As a smaller sport, Triathlon relies on both the support of donors and the athletic department to fund equipment, facilities and scholarships. With the cancellation of football, many universities experienced difficulty sustaining sports which relied on that income. 

In July, Stanford University announced they were cutting 11 non-revenue sports due to the financial impact of the pandemic. Despite uncertainty around the country, leadership is not worried about the future of the program. 

“We have a lot of faith in them and they’ve expressed the same to us,” English said of ASU’s athletic department. “We’re all in it together and we’re all going to try to make this work and float and get through it. It’s not going to end us or define us. We’ll be stronger for it.”

The team has also spent years establishing a strong network of proponents around the Phoenix area.

“Our support base for triathlon is tremendous in the Phoenix area. We’re so lucky we have really supportive donors and a really supportive community around us,” Welling added.

Like most division one sports, triathlon is awarded scholarships. With the NCAA ruling that fall athletes will be able to maintain eligibility and be granted a scholarship waiver, Sun Devil Triathlon’s five seniors will be able to return next year. Program leadership, who had worked hard on recruiting starting last March, said the waiver came as a relief.

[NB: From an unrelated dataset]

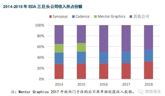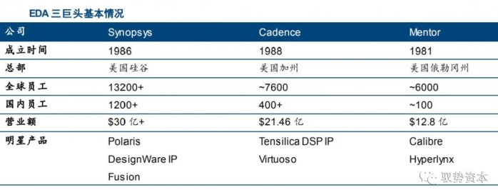 EDA三巨头主要指EDA市场份额占据前三位的三家企业Synopsys、Cadence和被西门子收购的Mentor Graphics。
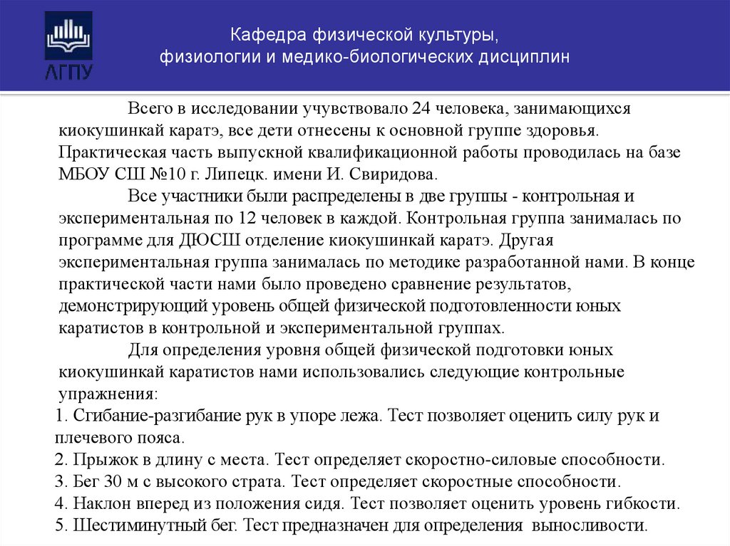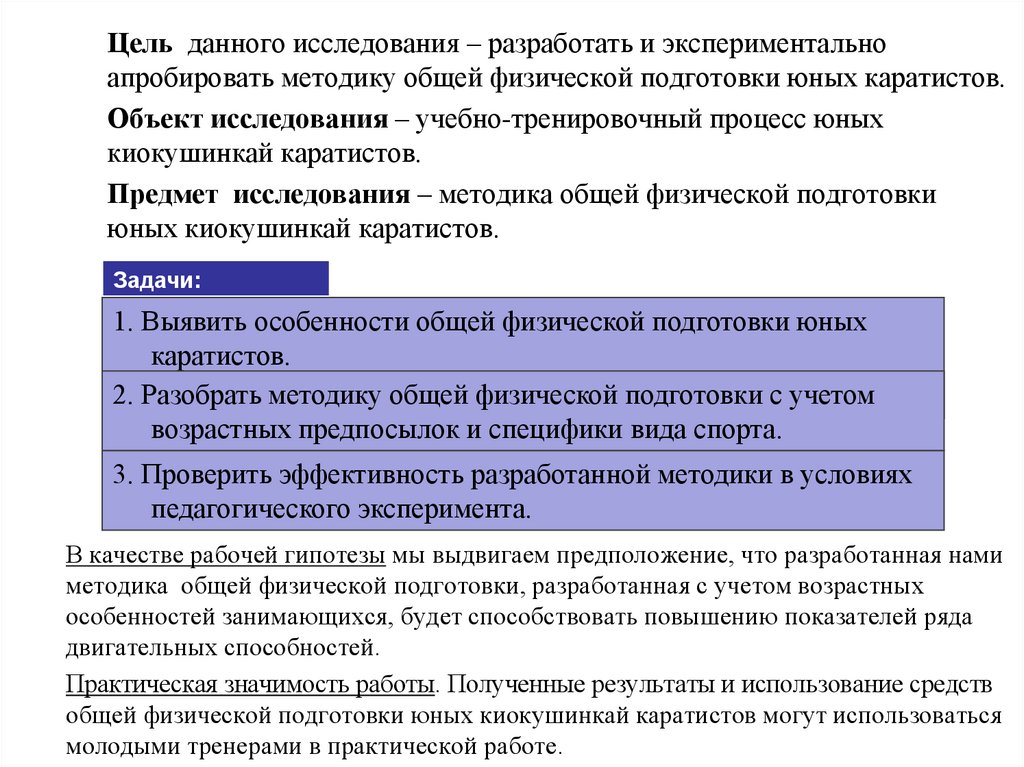 Цель данного исследования – разработать и экспериментальноапробировать методику общей физической подготовки юных каратистов.

“That was the big one. We were anticipating five (athletes) graduating and obviously we were recruiting for five,” English said. “We’re gonna talk with all the girls and work it out. All of them could come back and it’s not going to count against us. We’re just going to go case-by-case with each of them and talk about their future and see what they want to do.”

The transition has added barriers for some freshmen this year as well. Coaches have been working to create a fun yet competitive atmosphere within the program in a safe manner. The team usually holds barbecues and other activities, but due to the pandemic, the team has had to get creative in their efforts to bond.

“If there is ever a chance to catch up with someone during a warmup or cooldown, I always take it,” Naughton said. “I think it's really important just to check in and see how their lives are going. Everyone has their own struggles right now and it's nice to know someone is willing to hear you out.”

The effects of the virus on the athletes’ personal lives extend back to May. The first two seniors, who had been with the program since its inception four years ago, graduated over Zoom. 

“That was hard,” English said. “We didn’t have an in-person ceremony. It was basically like, ‘Thank you very much, we’re gonna miss you.’ It’s a very different thing.”

While the team waits on a decision from USA Triathlon and the University about when competition can safely resume, they’ve been resourceful as they work to stay sharp and get better outside of their altered practice sessions. 

“Lately, I have been reflecting on past races and watching pro races online to learn,” Naughton said. “The coaches have also been challenging us with time trials in practice to help us keep the feeling of racing fresh.”

Welling made it clear that It’s that spirit of innovation and the drive to get better that keeps the team together in their pursuit of that elusive fifth consecutive title. 

“We really do care,” English said. “I think the girls and the team understand that we’re making decisions for them with their future in mind, and their health in mind. I always feel as a coach that’s something you never compromise.”